Our analyses demonstrated that TSH positively correlates with fat-free mass, muscle mass, and basal metabolic rate, supporting the hypothesis of a metabolic adaptation mechanism involving the preservation of muscle tissue and increased energy expenditure even in euthyroid individuals. These findings align with results from longitudinal population-based studies showing that even minor variations in TSH within the normal range can be associated with changes in body composition and energy balance (12). Elevated TSH may also reflect an adaptive response to increased fat mass through leptin activity and enhanced deiodinase function, as previously confirmed in studies investigating the relationship between thyroid hormones and central adiposity (13). Lower FT3 levels were associated with higher metabolic age and greater visceral adiposity. This pattern suggests a potential protective role of FT3 in maintaining favorable body composition, with reduced FT3 possibly serving as an early marker of adverse metabolic alterations. Recent studies have shown that the FT3/FT4 ratio is strongly linked to insulin resistance and increased cardiometabolic risk, even in individuals without overt thyroid dysfunction (14, 15). Importantly, such patterns may have implications for women’s reproductive health, as disturbances in peripheral hormone conversion have been associated with menstrual dysfunction, polycystic ovary syndrome, and reduced fertility (16).

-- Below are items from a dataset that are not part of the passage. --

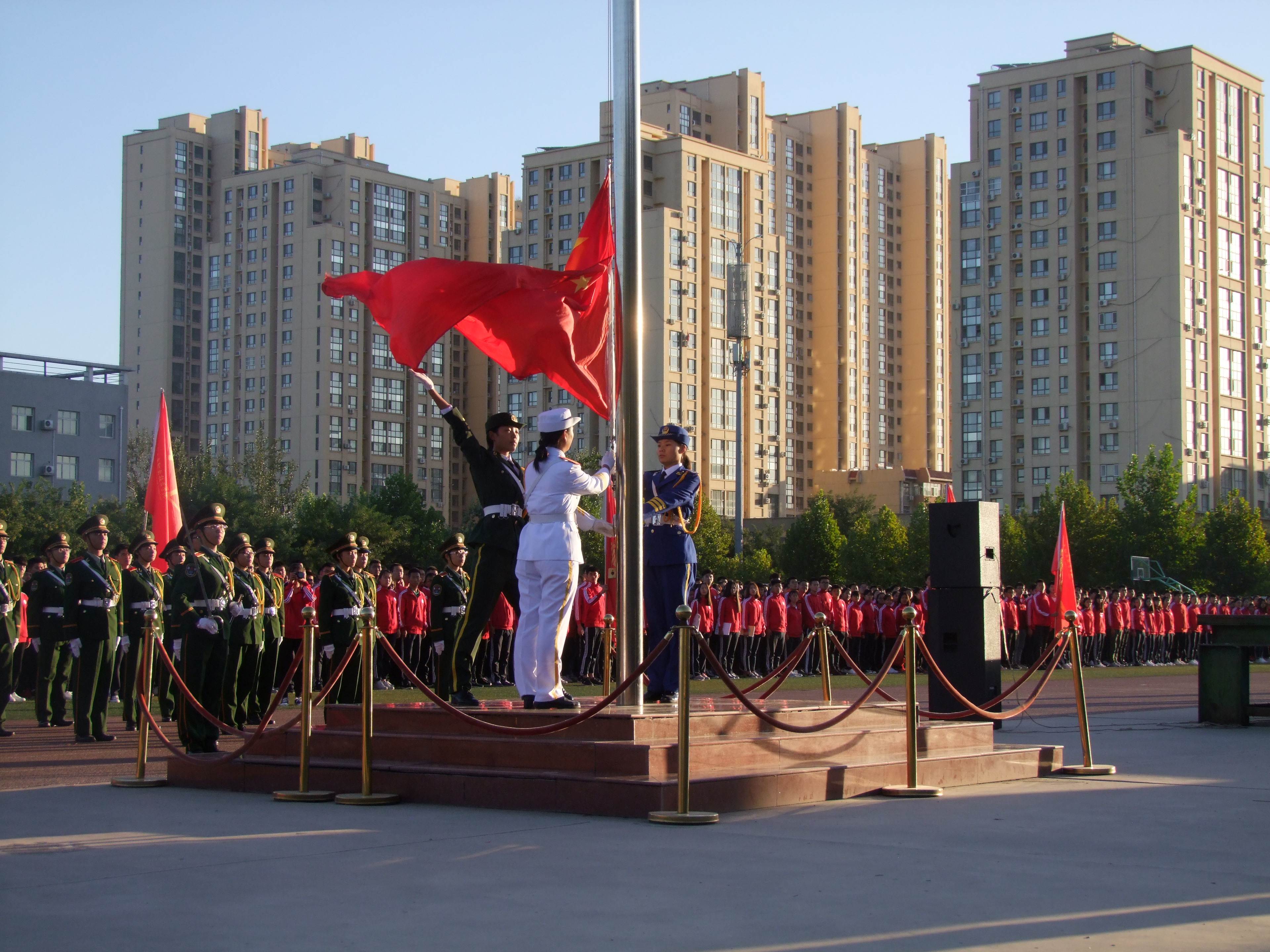 在第五个烈士纪念日到来之际,为充分激发广大师生缅怀先烈、爱国报国情怀,9月30日上午7时,我院在南校区体育场举行了“铭记历史·砥砺前行”烈士纪念日升旗仪式。学工部负责人、各系党总支书记、副书记、团总支书记、18级新生辅导员、全体18级同学参加了升旗仪式。
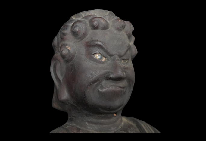 Fudo Myoo is central to esoteric Buddhism, revered as a protector who cuts through ignorance and safeguards the Buddhist law. Sculptures of this type were placed in temple halls and ritual spaces rather than domestic altars.
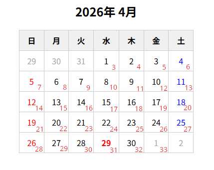 ※以下の画像の日付下の赤文字が曜日の量になります。
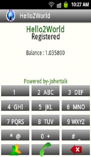 Hello2World Le répertoire est un numéroteur Android très facile et convivial pour l'appel VOIP mobile. Le numéroteur peut fonctionner correctement dans n'importe quelle version du téléphone Android. Cette petite et facile à installer l'application vous aide à vous connecter rapidement à votre fournisseur de services. Hello2World Le numéroteur a nécessité une bande passante minimale pour la connexion et l'origine des appels VoIP. L'utilisateur peut facturer leurs opérateurs de télécommunications pour les services de données. Il se déroule bien dans n'importe quel réseau privé. Si vous êtes un fournisseur de services VoIP mobile, veuillez collecter votre broche de démonstration pour tester ce superbe numéroteur chez nous.
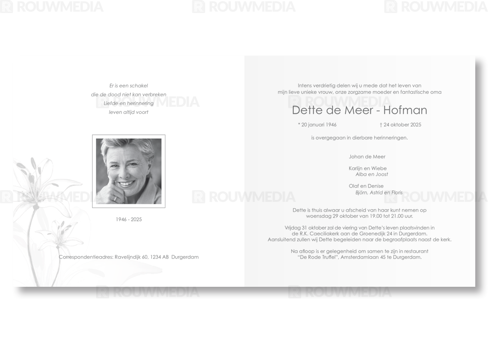 Rouwkaart met lelie
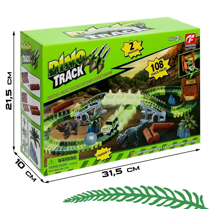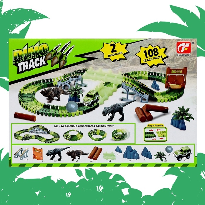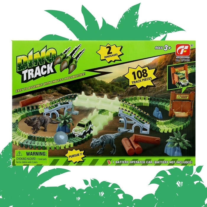 Гибкий автотрек «Дино», с воротами, 108 деталей, работает от батареек
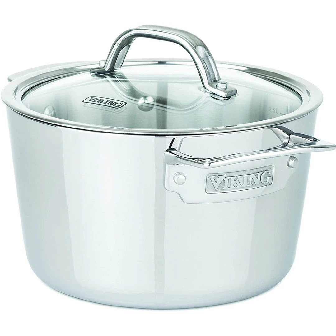 The Viking contemporary 3-ply stainless steel 3.4-Quart soup pot with vented glass lid combines a modern, Windsor pan-inspired design with the exceptional performance of 3-ply stainless steel cookware. The convenient size does double duty as a small Dutch oven, soup pot, or saucepan. The conical sides are angled out to provide more surface area for evaporation, while the walls retain more heat resulting in faster cooking times. The vented glass lid allows you to monitor the cooking progress of your meal while reducing the chance of boilovers. Additional features include a unique sealed rim that completely encapsulates the aluminum layer inside the stainless steel. internal volume markings in both us and metric units make measuring liquids directly into the pan quick and easy. The Viking contemporary cookware combines a layer of aluminum alloy sandwiched between heavy-gauge stainless steel. The aluminum core provides exceptional heat transfer throughout the cookware transferring heat evenly across the bottom and sides of the pan for rim-to-rim cooking. The exterior layer is magnetic stainless steel making it incredibly durable and safe for all cooktops, including induction. The interior cooking layer is 18/8 non-reactive stainless steel that is easy to clean and prevents the transfer of metallic flavor when cooking acidic foods like tomato sauce. The Viking signature stay-cool handle is ergonomically designed for a secure grip, comfort, balance, and control while remaining cool to the touch thanks to the built-in heat break in the long handles. Oven, broiler, and grill safe up to 600 DegreeF/315 DegreeC (oven safe up to 450 DegreeF/232 DegreeC with glass lid), dishwasher safe and features a manufacturer’s limited lifetime warranty. From stovetop cooking to oven finishing this cookware is designed to help you deliver professional results in your own home.
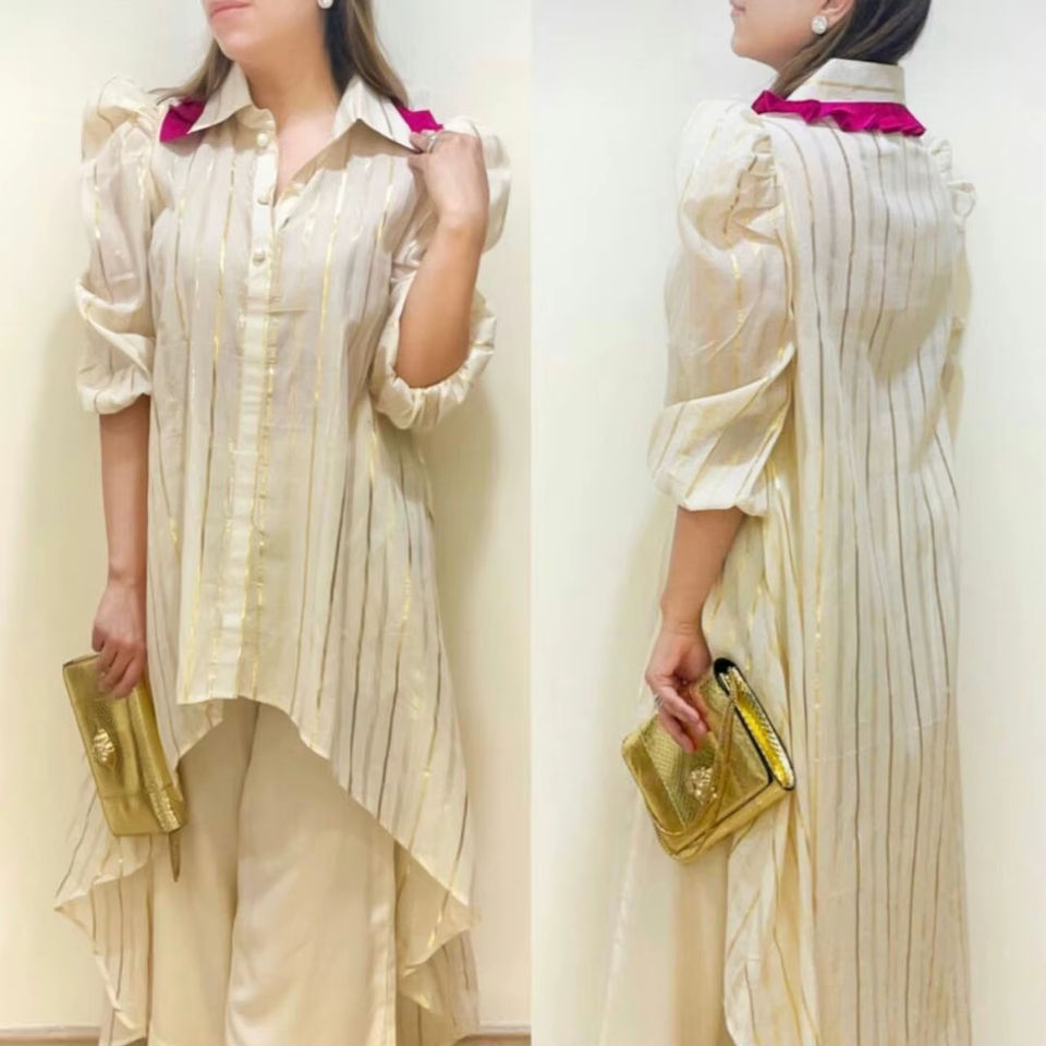 ชุดเซ็ตผ้าฝ้ายผสมลูเร็กซ์สีขาวอมเทา ดีไซน์อสมมาตร ชุดเซ็ตออกแบบโดยดีไซเนอร์ชาวอินเดีย ชุดลำลองสำหรับใส่ทุกวัน เสื้อคลุมผ้าฝ้ายลายฟอยล์และกางเกงขายาวทรงพาลาซโซ

FT4 values exhibited weak but significant negative associations with fat-free mass and metabolic age, which may indicate reduced tissue sensitivity to the hormone or a less favorable anabolic profile. Previous studies have suggested that low sensitivity to FT4 (measured by the thyroid feedback quantile-based index, TFQI) may be associated with increased risk of metabolic syndrome and type 2 diabetes (17). This association is particularly important in women of reproductive age, in whom the cumulative effects of unfavorable body composition and metabolic disturbances may contribute to earlier onset of cardiovascular disease. On a broader scale, the relationship between thyroid hormones and cardiovascular health has been confirmed in several population studies. Lower-normal TSH levels have been linked to higher ASCVD risk (18), while disturbances in peripheral hormone conversion may contribute to dyslipidemia, hypertension, and subclinical atherosclerosis (19). Among women of reproductive age, such mechanisms present a dual challenge, as they may simultaneously compromise reproductive potential and increase long-term cardiometabolic risk. Overall, the findings indicate that thyroid hormones, even within the reference range, exert a complex and multifactorial influence on body composition, metabolism, reproductive function, and cardiovascular health. This underscores the importance of an integrative approach in evaluating the endocrine profile of women of reproductive age and highlights the potential need to redefine clinical reference values in the context of individual risk, rather than relying solely on absolute laboratory thresholds.
6. CONCLUSION
This study demonstrated that thyroid hormone levels (TSH, FT3, and FT4), even within the reference range, are linked with anthropometric and body composition parameters in women of reproductive age. Differences in BMR and body composition patterns were observed across age groups, underscoring the influence of demographic factors on metabolic status. Furthermore, specific associations were identified between thyroid hormones and unfavorable body composition indicators, including visceral adiposity, elevated metabolic age, and obesity, highlighting their relevance as early metabolic markers. These findings emphasize the integrative role of thyroid hormones in energy regulation, body composition, and metabolic health, with potential implications for reproductive and cardiovascular risk assessment in women of reproductive age.
Patient Consent Form:
All participants were informed about subject of the study.
Author's Contribution:
All authors equally contributed to the conception, preparation, and translation of the manuscript, and fully adhered to ethical standards as well as the principles of research integrity and accuracy.
Conflicts of interest:
There are no conflicts of interest.
Financial support and sponsorship:
None.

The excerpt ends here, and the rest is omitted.